● Exercise input
::::

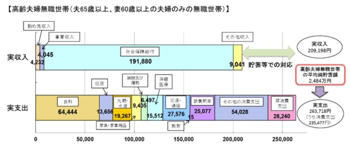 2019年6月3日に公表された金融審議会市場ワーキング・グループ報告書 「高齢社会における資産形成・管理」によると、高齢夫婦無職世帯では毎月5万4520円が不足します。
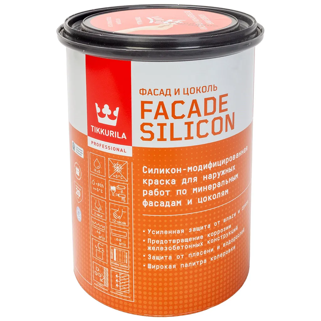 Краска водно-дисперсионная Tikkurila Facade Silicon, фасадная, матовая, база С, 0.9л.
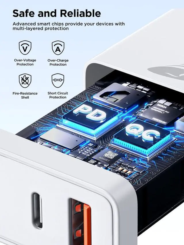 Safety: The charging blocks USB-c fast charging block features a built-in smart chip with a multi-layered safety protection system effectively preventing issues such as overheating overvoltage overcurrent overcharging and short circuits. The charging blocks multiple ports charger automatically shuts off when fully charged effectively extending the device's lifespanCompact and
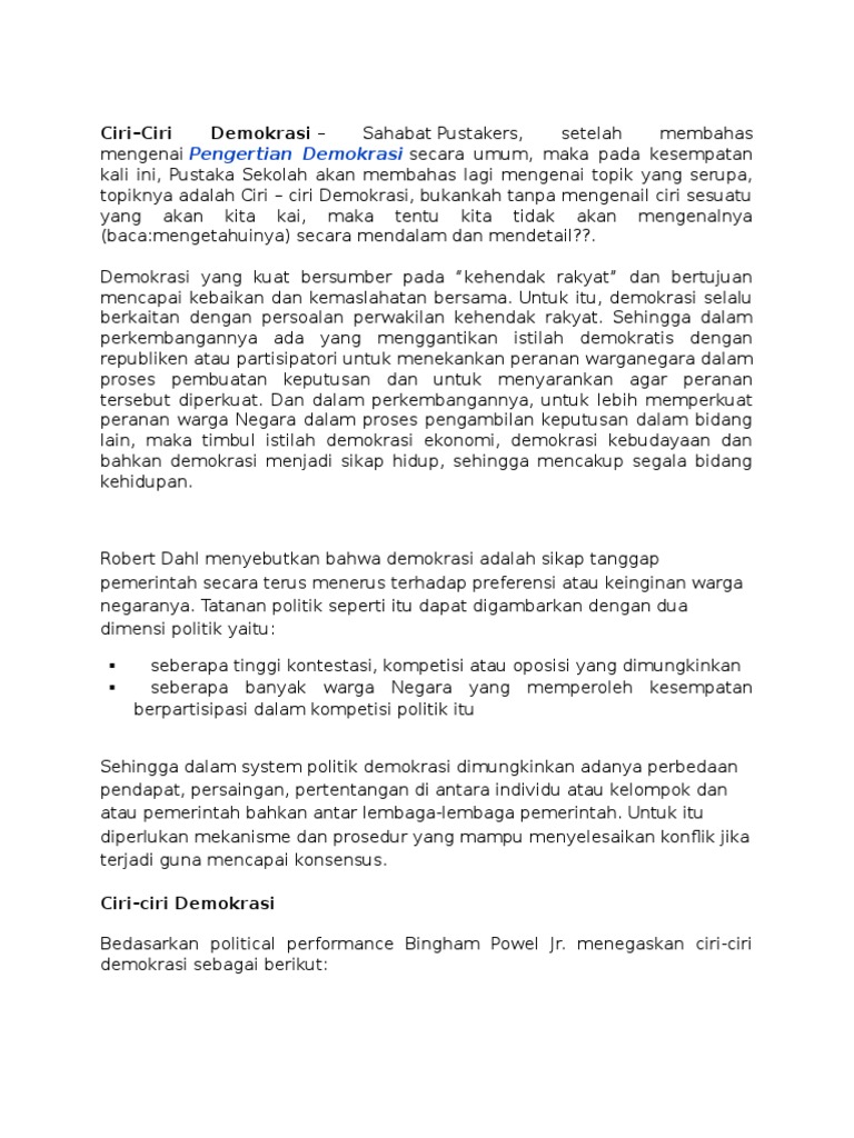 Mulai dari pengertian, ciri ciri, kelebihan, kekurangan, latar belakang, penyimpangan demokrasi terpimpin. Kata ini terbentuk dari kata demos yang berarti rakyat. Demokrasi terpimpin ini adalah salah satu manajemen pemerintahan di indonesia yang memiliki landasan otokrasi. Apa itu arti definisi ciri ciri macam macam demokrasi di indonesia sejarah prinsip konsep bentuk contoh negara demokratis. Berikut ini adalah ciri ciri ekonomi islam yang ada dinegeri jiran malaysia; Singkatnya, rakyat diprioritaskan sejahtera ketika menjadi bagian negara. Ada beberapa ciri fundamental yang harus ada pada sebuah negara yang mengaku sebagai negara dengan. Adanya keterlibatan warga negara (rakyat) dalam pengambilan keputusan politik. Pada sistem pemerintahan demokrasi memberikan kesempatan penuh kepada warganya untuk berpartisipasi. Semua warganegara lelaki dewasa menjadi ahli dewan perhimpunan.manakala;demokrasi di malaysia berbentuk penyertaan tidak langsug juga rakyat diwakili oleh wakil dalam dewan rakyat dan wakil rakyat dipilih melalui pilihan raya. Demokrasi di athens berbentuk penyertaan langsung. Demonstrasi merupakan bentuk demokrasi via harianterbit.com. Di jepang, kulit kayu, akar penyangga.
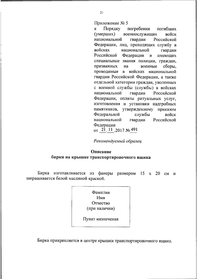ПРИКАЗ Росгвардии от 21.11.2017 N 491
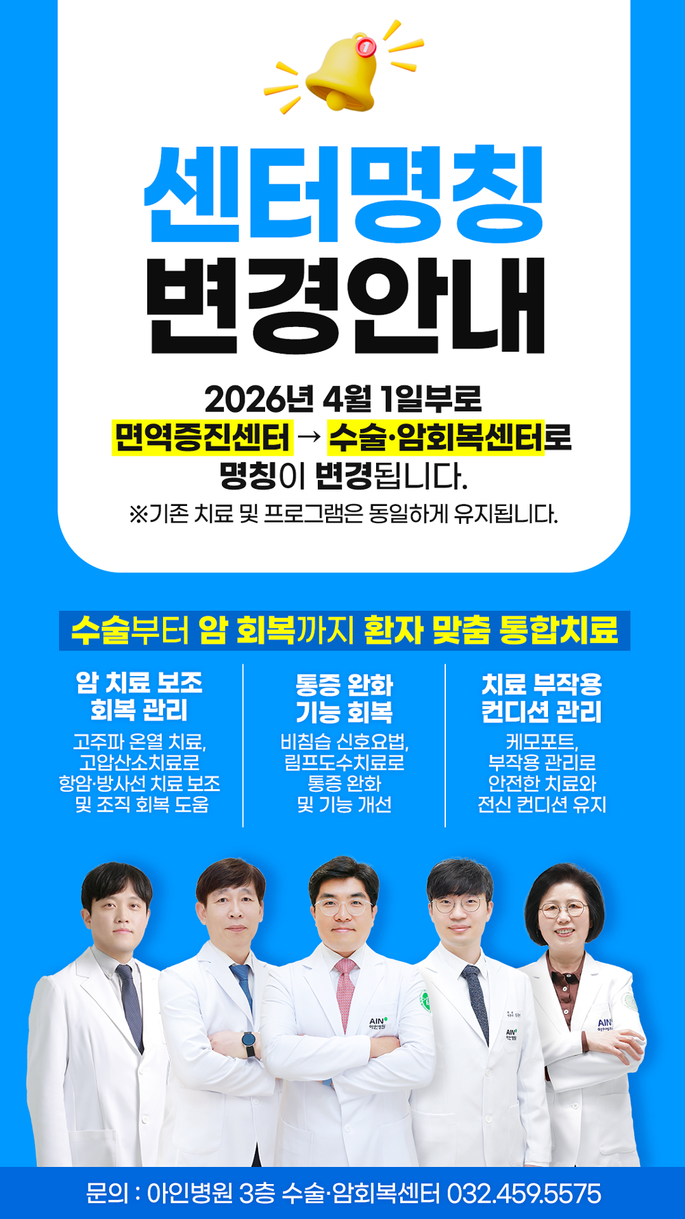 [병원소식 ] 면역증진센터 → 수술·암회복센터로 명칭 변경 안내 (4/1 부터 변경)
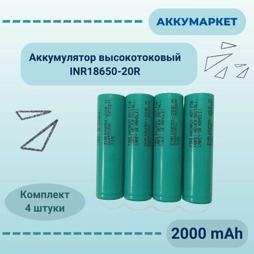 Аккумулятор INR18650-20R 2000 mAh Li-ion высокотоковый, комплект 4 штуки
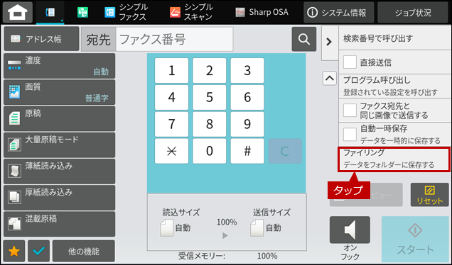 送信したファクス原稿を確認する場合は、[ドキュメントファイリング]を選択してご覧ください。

::::

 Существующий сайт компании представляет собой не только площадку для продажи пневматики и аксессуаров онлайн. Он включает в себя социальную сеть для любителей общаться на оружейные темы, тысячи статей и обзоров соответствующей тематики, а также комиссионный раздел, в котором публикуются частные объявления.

::::

● What to work on
Given the listing above, repeat exactly the lines starting at the one with "[병원소식 ] 면역증진센터" and ending at the one with "送信したファクス原稿を確認す", inclusive, excluding pictures.

● Reply to the task
 [병원소식 ] 면역증진센터 → 수술·암회복센터로 명칭 변경 안내 (4/1 부터 변경)
 Аккумулятор INR18650-20R 2000 mAh Li-ion высокотоковый, комплект 4 штуки
 送信したファクス原稿を確認する場合は、[ドキュメントファイリング]を選択してご覧ください。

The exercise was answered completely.